The court's refusal to award attorneys' fees is disappointing, though. Because the ERISA law provides for no damages award, there is no incentive for qualified counsel to bring suit in ERISA claims without a fee award. ERISA cases are exceedingly difficult, and while the principle at issue may be significant, often, the monetary amount is too small for a client to afford paying on an hourly fee basis or for counsel to accept retention on a contingency fee basis.

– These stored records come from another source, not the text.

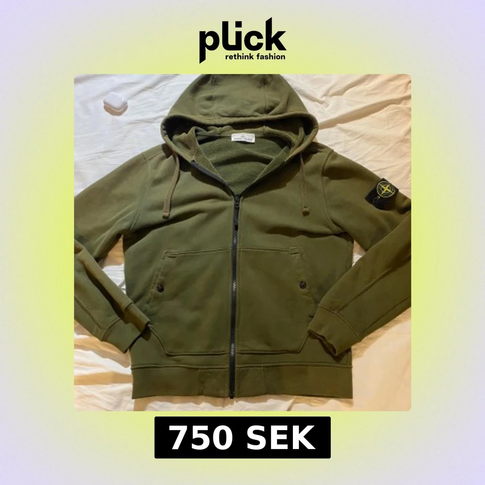 Säljer en grön hoodie från Stone Island med huva och dragkedja framtill. Tröjan har långa ärmar, två fickor med knappar och den klassiska Stone Island-loggan på vänster ärm. Perfekt för dig som gillar streetwear och snygga detaljer.
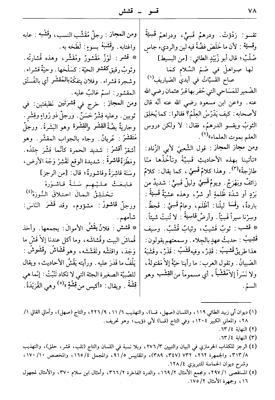 ومن مجاز المجاز: قول الشّعبيّ لأبي الزّناد: تأتينا بهذه الأحاديث قسيّةً وتأخذها منّا طازجةً وهذا كلام قسيٌّ، كما يقال: كلامٌ زائفٌ وبهرجٌ. ويوم قسيٌّ وليلٌ قسيّ: شديد من بردٍ أو شدّة ظلمةٍ أو شرّ، وهذه عشيةٌ قسيةٌ: باردة، وقسا ليلنا: أظلم، وعامٌ قسي: قحط. وسرنا سيراً قسياً. وأرض قاسية: لا تنبت شيئاً.
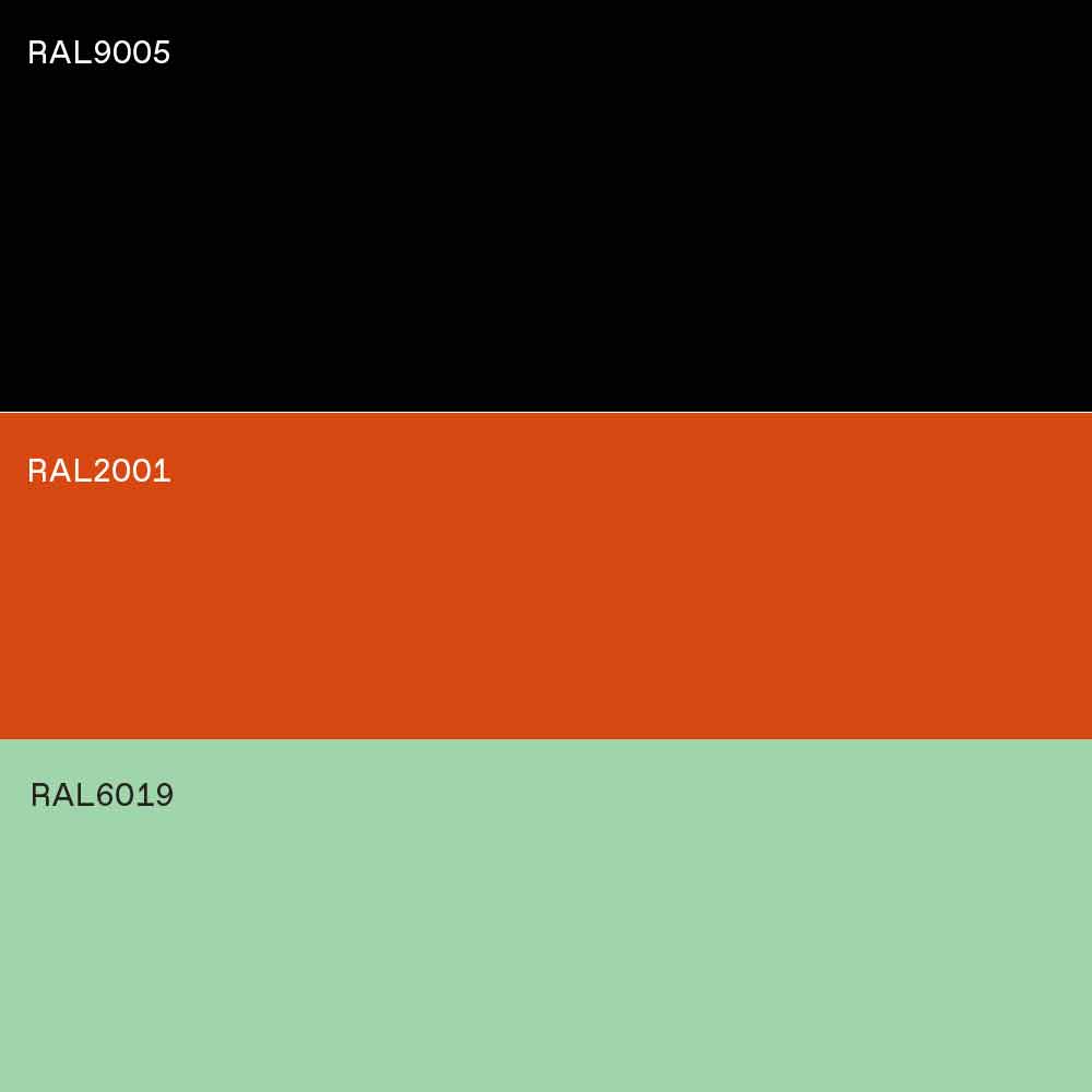 Finish: legs in orange RAL2001 + aqua green cross RAL6019 + scratch-resistant top in black RAL9005
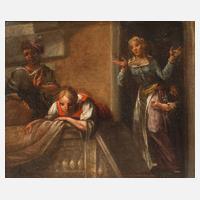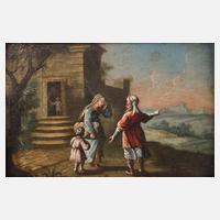 Szene des Alten Testaments, die Bibel (Genesis. 1. Buch Mose, 16 und 21) berichtet von dem Paar Abraham und Sara, die ungewollt kinderlos blieben, darauf drängt Sara ihren Mann, mit ihrer ägyptischen Haussklavin Hagar ein Kind zu zeugen, welches als ihr Stammhalter gelten solle, Hagar gebar Ismael, als dieser 14 Jahre alt war, gebar Sara wider Erwarten ihren Sohn Isaak, worauf sie Abraham überzeugte, Hagar und Ismael des Hauses zu verweisen, Öl auf Holz, wohl 2. Hälfte 18. Jh., unsigniert, Malgrund verzogen, rückseitig neuzeitliche Annotation in Blei ”Christian Brand”, in alter, holzwurmstichiger Leiste gerahmt, Falzmaß ca. 13 x 20 cm.
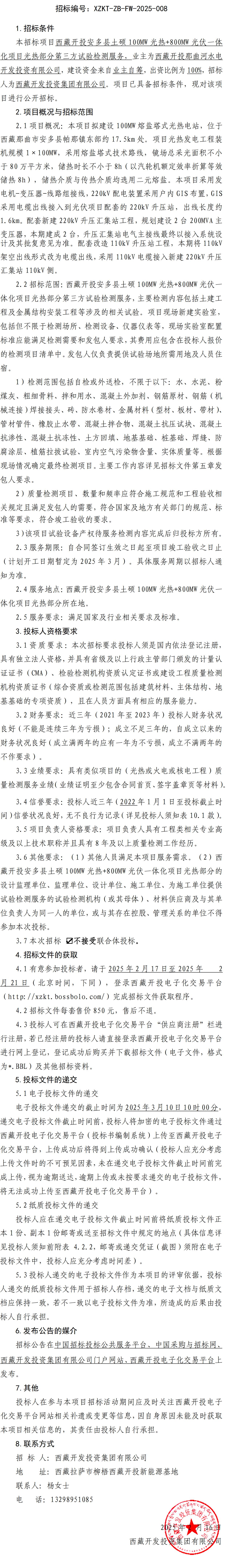 西藏開投安多縣土碩100MW光熱+800MW 光伏一體化項目光熱部分第三方試驗檢測服務招標公告
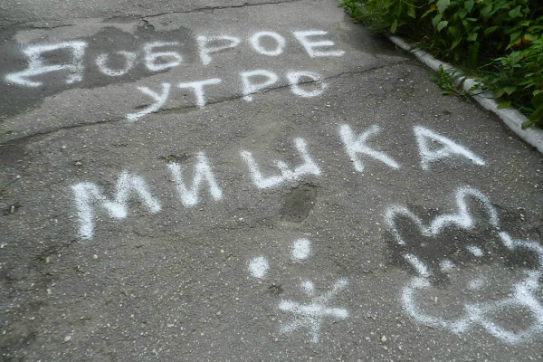 Со второго разглядела оригинальную растительность палисадников: вьющиеся лозы винограда «заползают» на лоджии первых этажей, ниспадают в подвальные проемы. Наконец, подхожу к одному из подъездов и обнаруживаю местный креатив. «Доброе утро Мишка», — пожелание без знаков препинания, но с «портретом» лесного зверя вызывает улыбку. Ранним пасмурным утром, когда хочется вернуться обратно под одеяло, это особенно ценно.
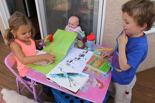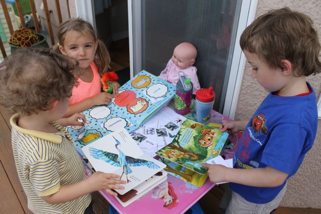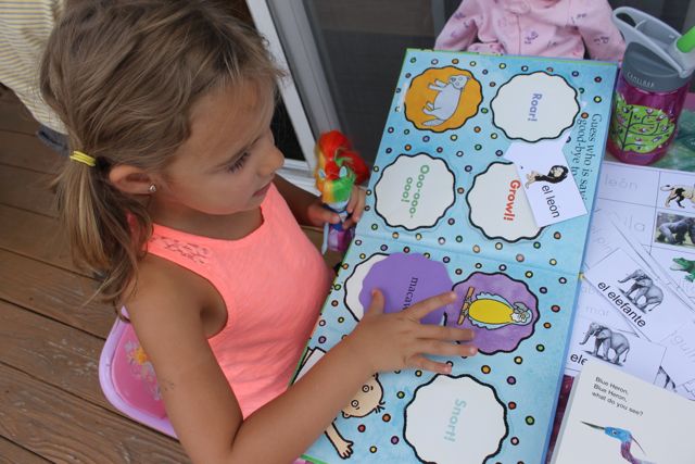 Photographed below is my niece. I gave her a book, and asked her to look through the book for animals. Once the kids familiarized themselves with their books, I would select both the Spanish and English versions of the jungle animal flashcards and tell the kids that “I spy” a lion (or another animal name). Then I asked the kids to see if they could “spy” a lion, giraffe, or other animal from the deck of cards in their books.
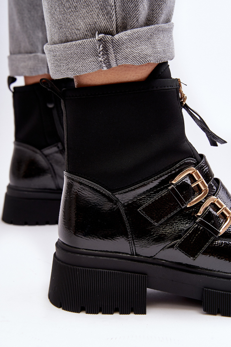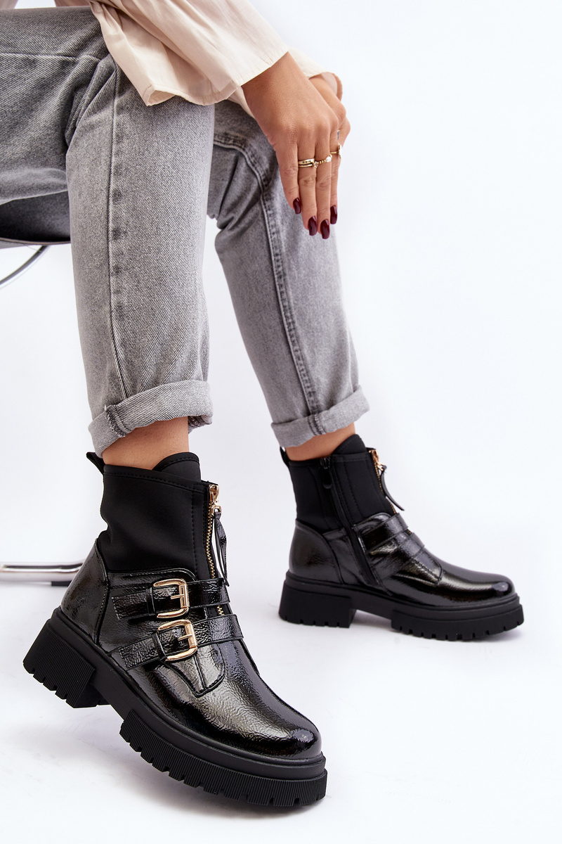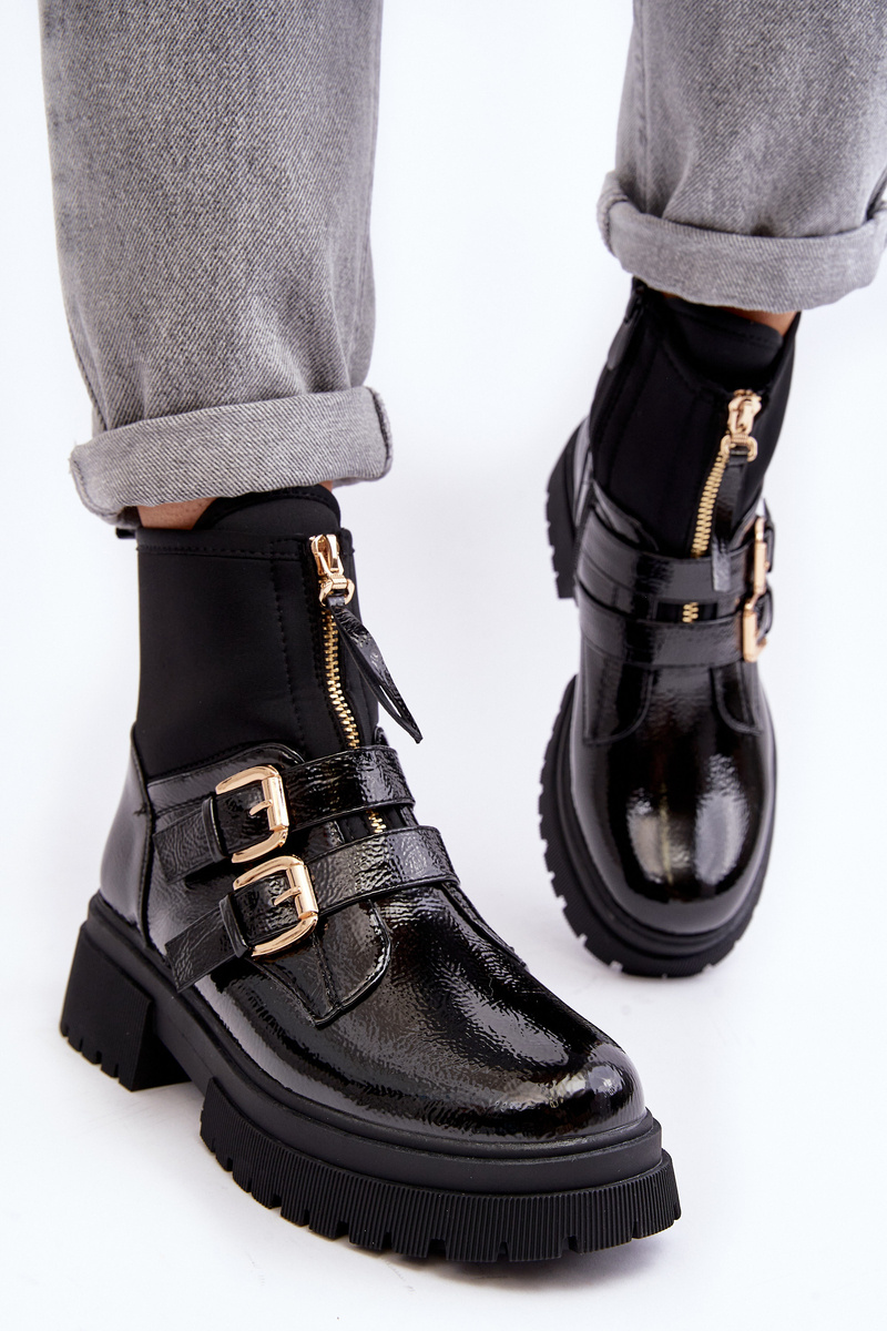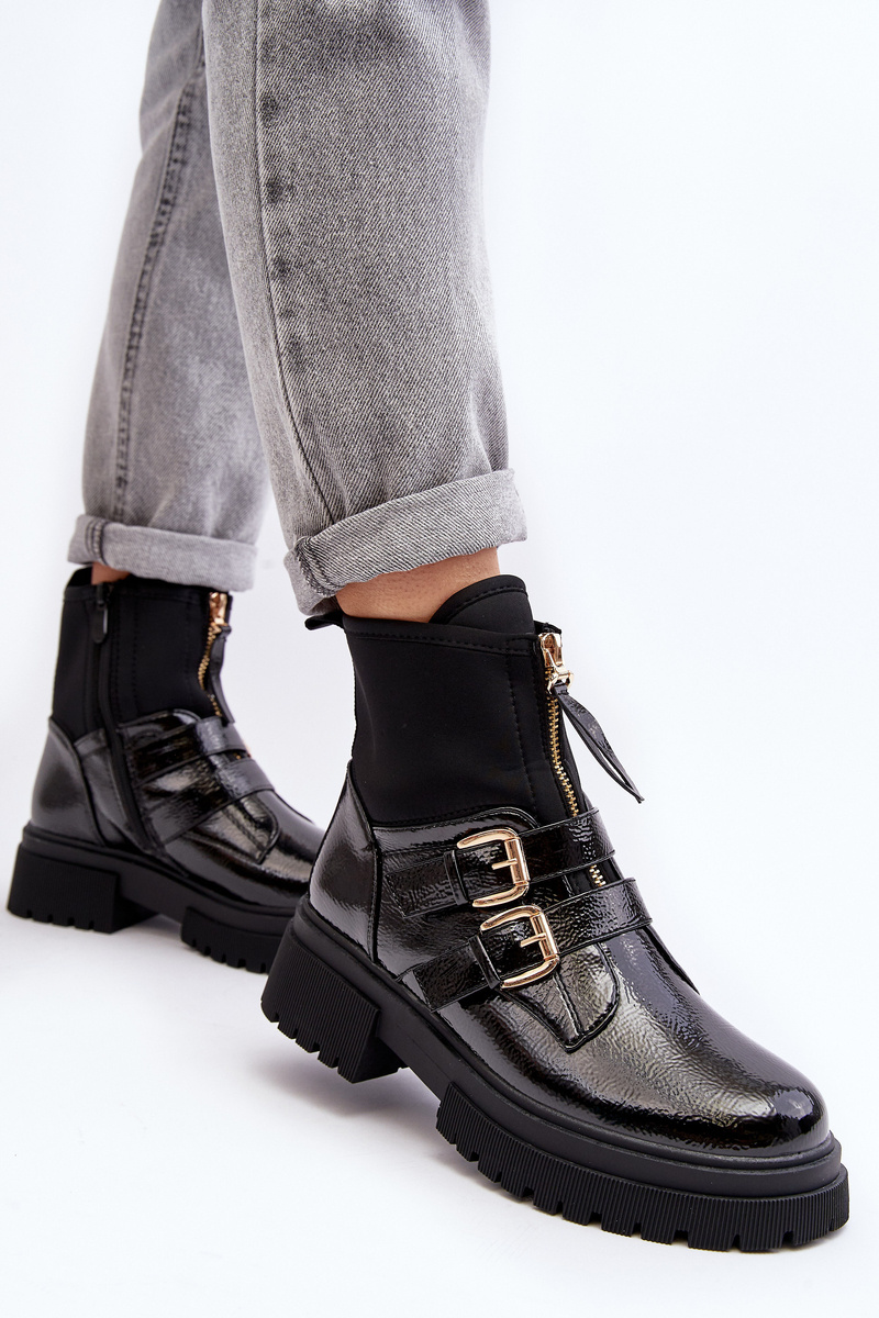 Lesklé černé dámské botky na ploché podrážce Rellisa
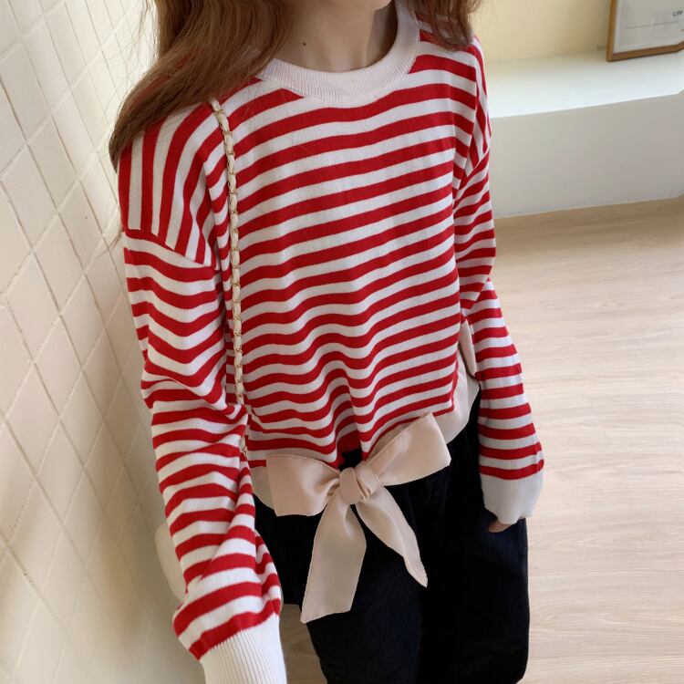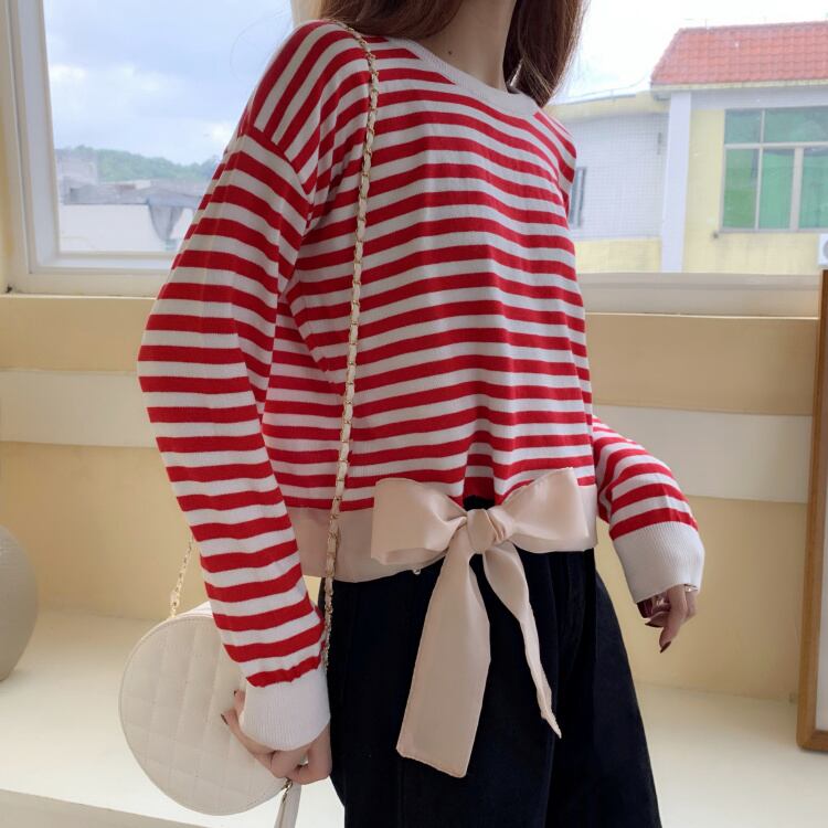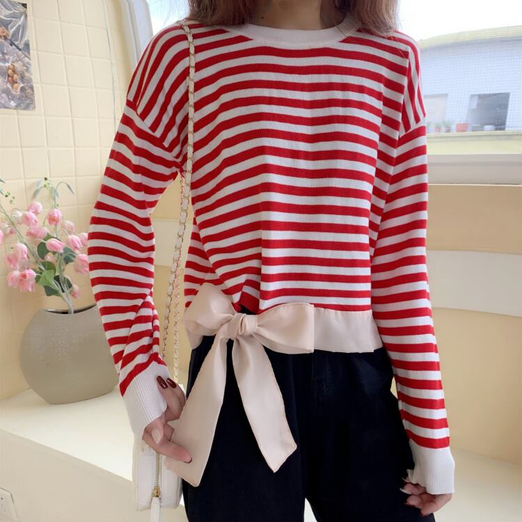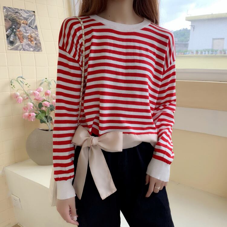 リボン長袖 長そでスリーブ 袖ラウンドネックカラーストライプショート ショート丈 ミニ ミニ丈Tシャツ トップス ロング マキシロング丈 マキシ丈 かわいい 可愛い ガーリー 大人可愛い 大人かわいい フェミニン 大人ガーリー 女性 レディース ゆめかわ83216775151 | nice import1

In its ruling, the court relied heavily on Bowerman v. Wal-Mart Stores Inc., 226 F.3d 574, 592 (7th Cir. 2000), which is also a relevant precedent as to the attorneys' fee issue. There, the court there awarded fees after finding a ''modest presumption'' in favor of a fee award. Fundamental fairness and equity also require an award of fees. As explained in Hooper v. Demco Inc., 37 F.3d 287, 291 (7th Cir. 1994):
''We note that the primary purpose of ERISA, to protect the participants in employee benefit plans, is achieved by 'establishing standards of conduct, responsibility, and obligations for fiduciaries of employment benefit plans, and by providing for appropriate remedies, sanctions, and ready access to the federal courts.' ERISA § 2(b), 29 U.S.C. § 1001(b). To encourage aggrieved parties to seek redress under ERISA, the statute gives the trial court discretion to award attorney's fees to a prevailing party.''
In addition to negating the underlying purpose of ERISA, denial of attorney's fee requests encourage insurers to deny more claims. At the same time, fee denials hinder claimants' ability to secure counsel to litigate their claims. Indeed, fee awards act as the only incentive for insurers to pay ERISA claims since the ERISA law disallows claims for punitive damages or extracontractual damages. Pilot Life Insurance Co. v. Dedeaux, 481 U.S. 41 (1987). Moreover, ERISA has been considered a law of equity (Great West Life & Annuity Insurance Company v. Knudson, 122 S.Ct. 708 (2002)); and without a fee award, plaintiffs would not be made whole. Here, Hopkins's victory is pyrrhic indeed based on the fees he will now owe his attorney.